Recently a friend approached me to ask about raising live butterflies. It’s one of my favorite things to talk about. I’m a big fan of butterfly kits for classrooms. They can help teachers to create a structured lesson around the life cycle of butterflies and expose lots of kids to these amazing creatures.
But even more than the kits is the experience of live butterflies in the relative wild. With a little effort you can easily track down butterflies in various stages of breeding and developing. And depending on how close they are to your home, you can do a lot of observing right there in the field.
I raise this because earlier today I was walking past the horse pasture and stopped to admire a stand of common milkweed. It was surrounded by some bull thistle and a few tired looked tiger lilies. It’s that time of summer. A lot of plants and flowers are beginning to show their age.
And there on the milkweed – steadily climbing the thick stem for the leaves over head – was a Monarch butterfly caterpillar.
I love these caterpillars. Or rather, I love the sight of them. This one is a bit early, but we are on the cusp of the stage when these little guys are going to start entering the pupa stage. As they hatch from eggs left by female Monarch butterflies, they will gorge on milkweed, loading up on nutrients to see them through the jade-colored chrysalis and eventually into new butterflies.

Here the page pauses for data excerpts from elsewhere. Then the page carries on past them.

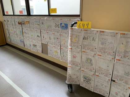 学校図書館の前の廊下には「私の選んだ本」のカードが掲示されています。これからもみんなで読書を楽しんでほしいですね。
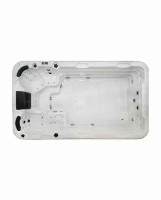 The Aquatic 1 Swim Spa from Oasis Spas is the ultimate solution for those looking for a compact yet versatile swim spa. Measuring 13ft in length, this swim spa offers ample space for swimming and includes comfortable seating for relaxation. Equipped with powerful pumps that produce a robust current, the Aquatic 1 allows for an excellent in-place swimming workout. The spa also features interior and exterior LED lighting for a stylish and illuminating experience.
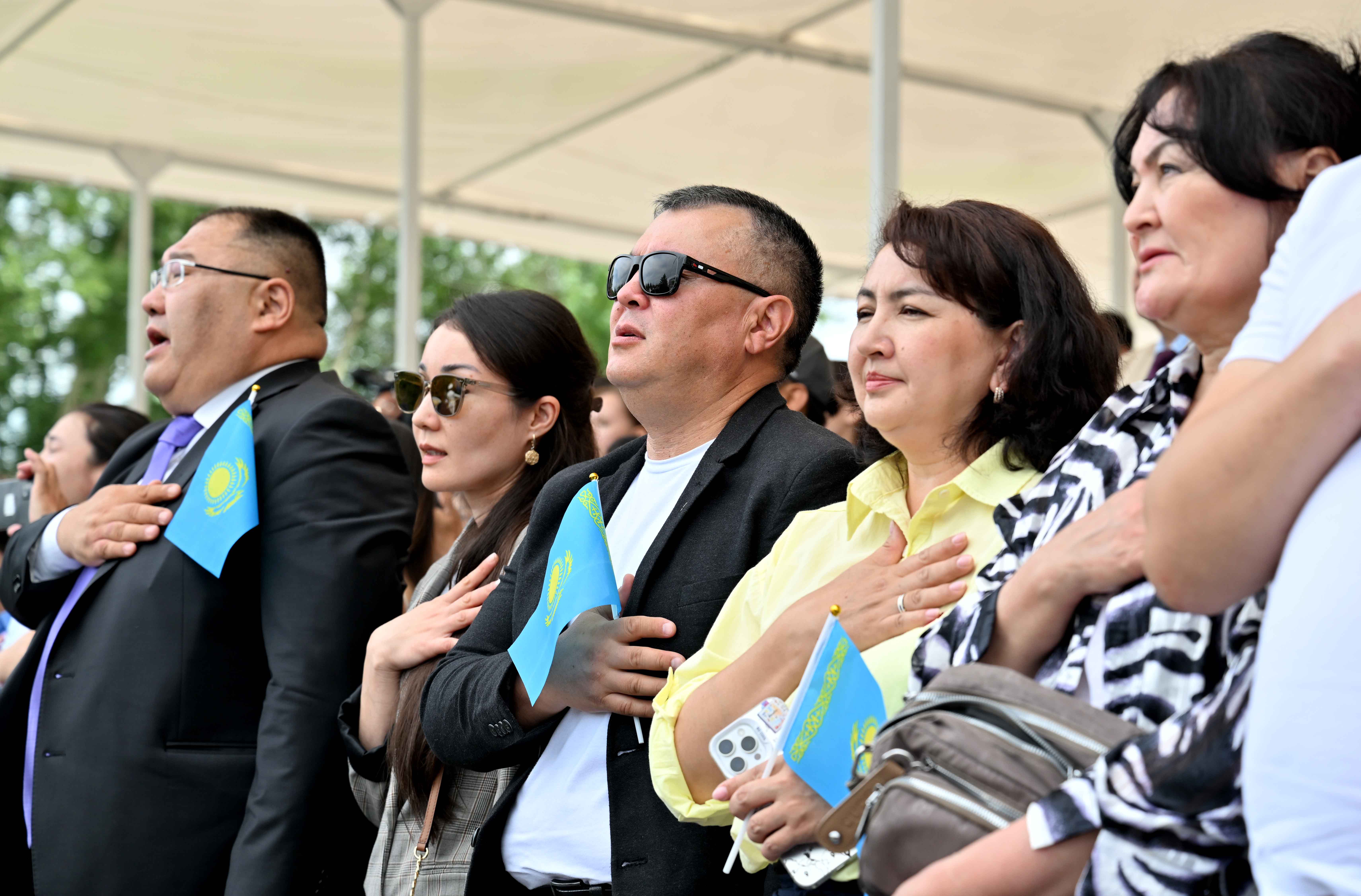 – В этом году наши военнослужащие впервые самостоятельно выполнили миротворческую миссию под небесно-голубым полотнищем. Казахстан – сильное и прогрессивное государство, и это подтверждают достижения наших соотечественников. Государственные символы пробуждают в каждом из нас неизмеримое чувство гордости за страну. Герб, Флаг и Гимн – это олицетворение подлинного патриотизма. Они занимают особое место в сердце каждого гражданина. В них ярко воплощаются наша общенациональная идентичность и устремленность в будущее, – подчеркнул Президент.

Each year, we harvest a couple of milkweed plants and take them into our home. This is a bit invasive, and each year we carefully evaluate the necessity. After all, with only a little effort we can head into the pasture or the far side of the garden, and observe them in their natural habitat.

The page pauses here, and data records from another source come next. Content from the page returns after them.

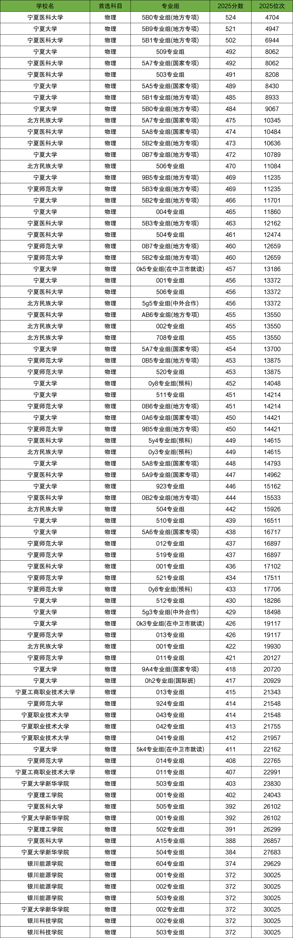区内分数最高的大学是宁夏医科大学(5B0专业组,地方专项),2025年录取分数线为524分,对应最低位次为4704名。这也是宁夏物理类考生最难考的大学之一。
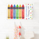 Classroom rules banner with six rules for a classroom personalized with the teacher's name beneath colorful stars. The rules are written on crayons in red, yellow, green, and blue. The text is customizable so you can change to your rules! Kindergarten classroom rules banner with colorful crayons and stars against a white background.
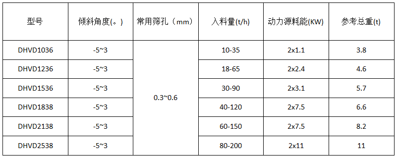 脫水振動篩參數表:
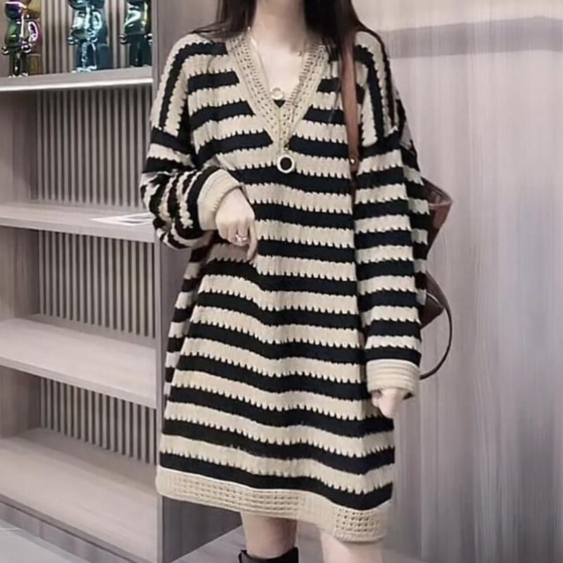针织衫 条纹中长款 裙子胖mm宽松显瘦V领毛衣连衣裙 女装 胖人特大码
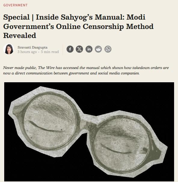 The Wire has accessed the User Manual for Sahyog Portal (IT intermediaries) that lays down the union government’s takedown mechanism for content online. The report says that the never-made-public manual makes it clear that orders are unilateral, and a direct correspondence between government agencies and intermediaries like social media platforms and telecom providers. The manual excludes journalists or content creators from its definition of “stakeholders”. It does not detail any independent review process before an item is ordered to be taken down, the report says. Read the full report here.
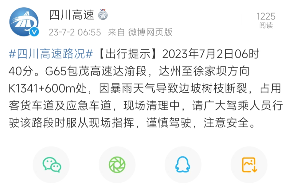 红星新闻记者还了解到,四川高速发布路况信息,2023年7月2日06时40分,G65包茂高速达渝段,达州至徐家坝方向K1341+600m处,因暴雨天气导致边坡树枝断裂,占用客货车道及应急车道,现场清理中,请广大驾乘人员行驶该路段时服从现场指挥,谨慎驾驶,注意安全。
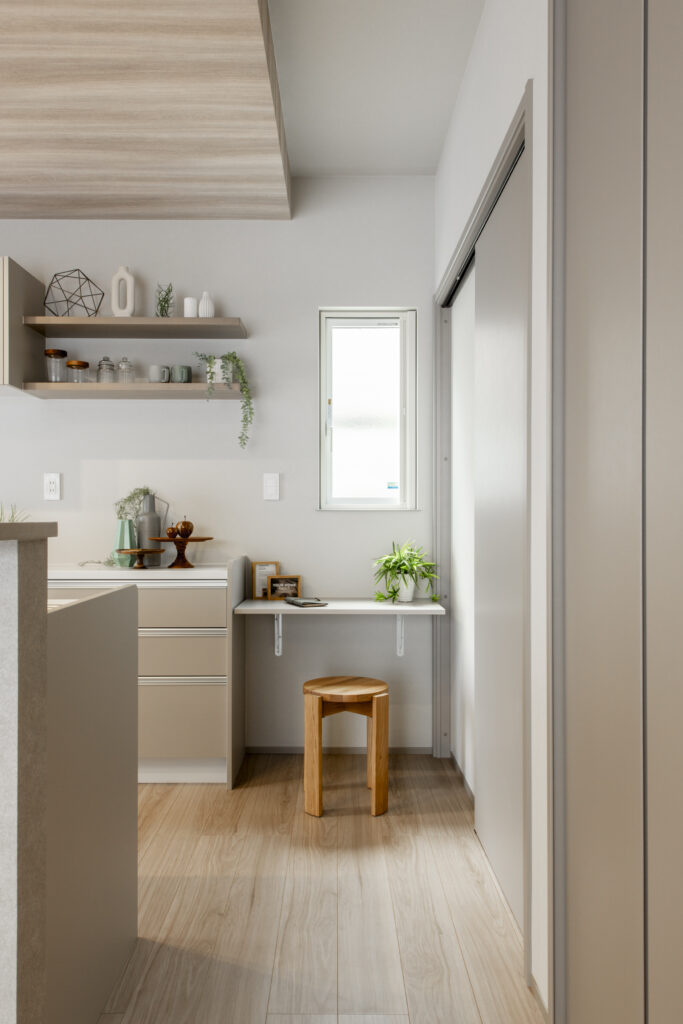 ホールからリビング、洗面、ランドリー、キッチンをぐるっと回れる回遊動線。家事や子育ての動きがスムーズになり、暮らしに余裕をもたらします。
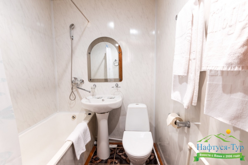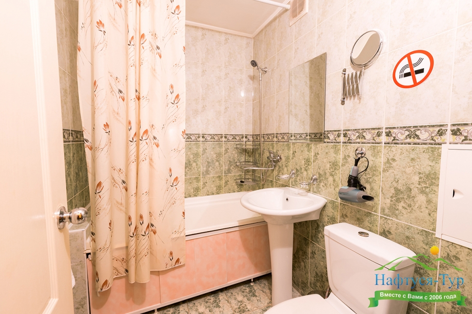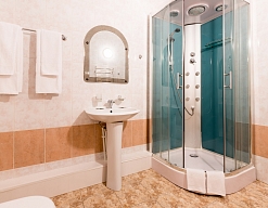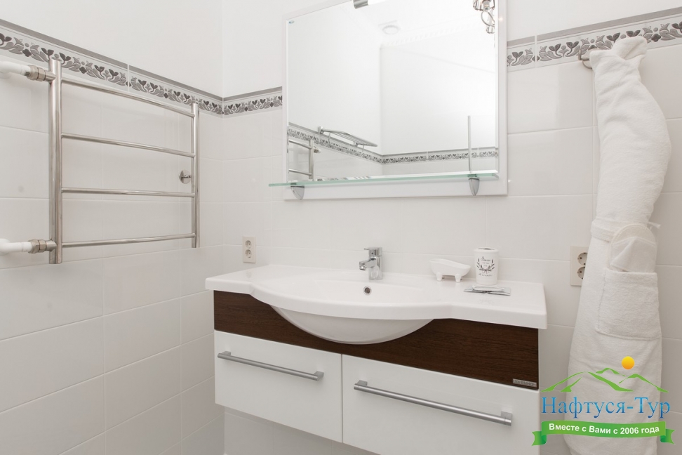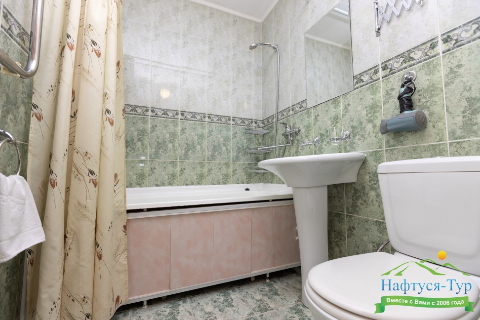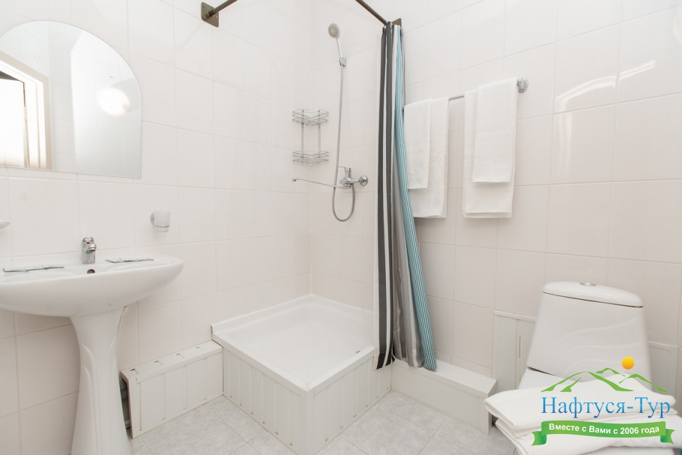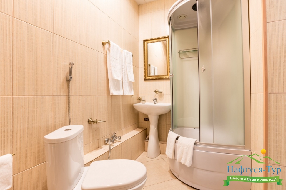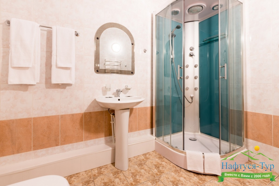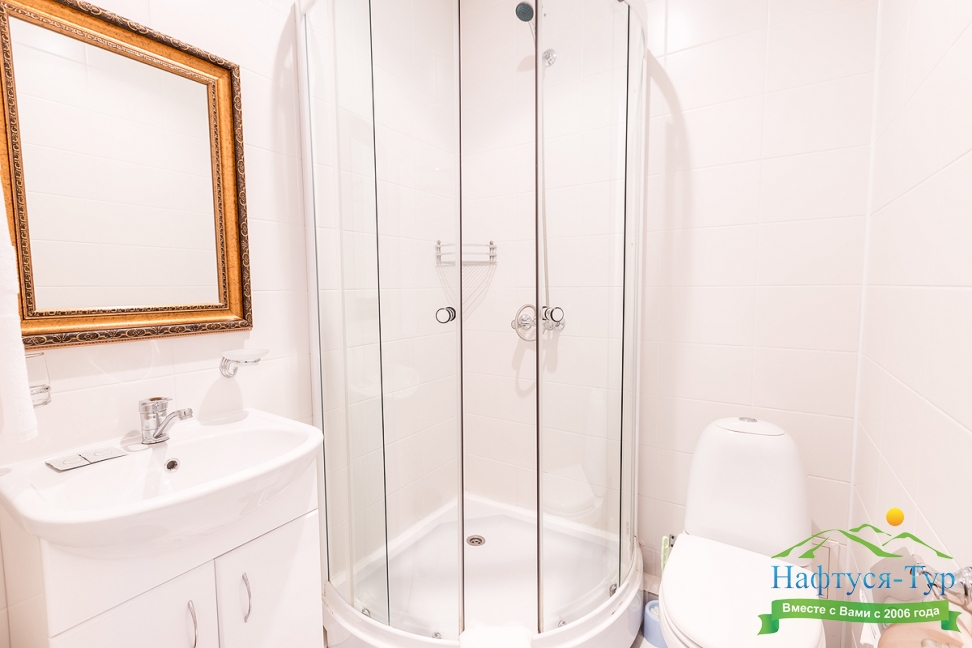 2 санузла, с душевой кабиной, тапочки, туалетные принадлежности, фен, халат

But I got the butterfly bug in a classroom long ago, and I want to pass that on. My children are, with one exception, all under the age of ten. There is still something utterly magical to them about watching these caterpillars creep around the fifty gallon fish tank that we use. The kids love to pick fresh milkweed to ensure a sufficient amount of food. These little creatures become our pets!

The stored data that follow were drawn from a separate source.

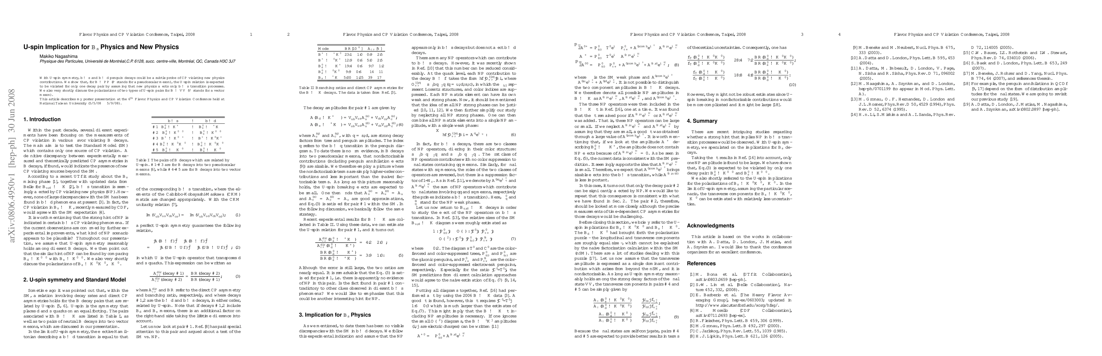 This paper explores U-spin symmetry implications for B_s physics, suggesting that b->s and b->d penguin decays can reveal subtle CP-violating new physics. It predicts U-spin relation violation in one B->PP decay under new physics affecting b->s transitions, briefly discussing polarizations in B->VV decays.
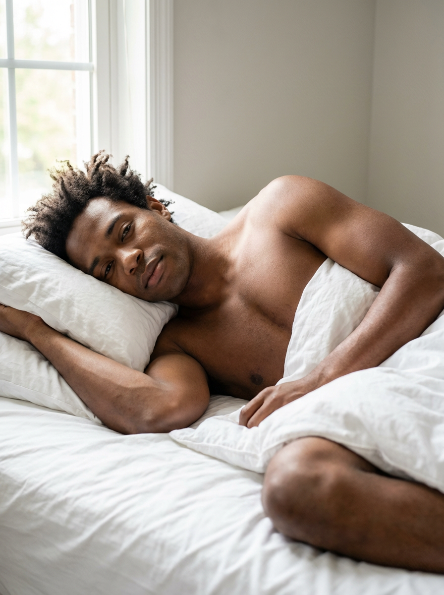 shirtless model in bed, morning light through window, tousled hair, intimate relaxed pose, white sheets
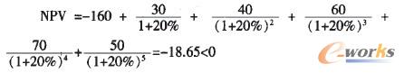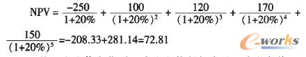 經(jīng)風(fēng)險調(diào)整后的資金成本率是20%,傳統(tǒng)的凈現(xiàn)值

And of course there is nothing like watching the chrysalis darken as the life inside it slowly undergoes a metamorphosis. When the butterflies finally emerge, we spend a whole day simply admiring them. Then we take them out into what remains of the flower garden and release them. Each year we take pictures. The kids remember the same event from the year before, and we always talk about the unique ability of Monarch Butterflies to cover long distances and find familiar ground.
We like to tell ourselves that these butterflies are going to sail off to Mexico soon, but that they or their descendants might come back to us.
However you do it, try and bring the magic of live butterflies into a child’s life. If it isn’t happening in their classrooms, see if you can’t talk the teacher into it. And if all else fails, do it the old-fashioned way. Take your son or daughter’s education into your own hands.
I think the critical thing is ensuring that we pass on some sense of wonder and beauty to our children. It’s easy to get sappy about this, but the truth is, if you don’t love something deeply – and understand and appreciate how much it relies on the habitat that you share with it – it gets too easy to think that the world is all your own.
So long as I share it with butterflies – and I’m awfully grateful that I do – then I am going to pass that on to my children. Some day they’ll do the same. And after I’m long gone, I can rest assured that somebody is taking care of the butterflies.
If we can do that, then we have done something we can take real pride in. So not today, but probably in the next few days, we’ll head out into the field and dig up some milkweeds. We’ll bring them inside. We’ll bring out little cycle of watching and nurturing into their bigger cycle of life, and we’ll all be better off for it.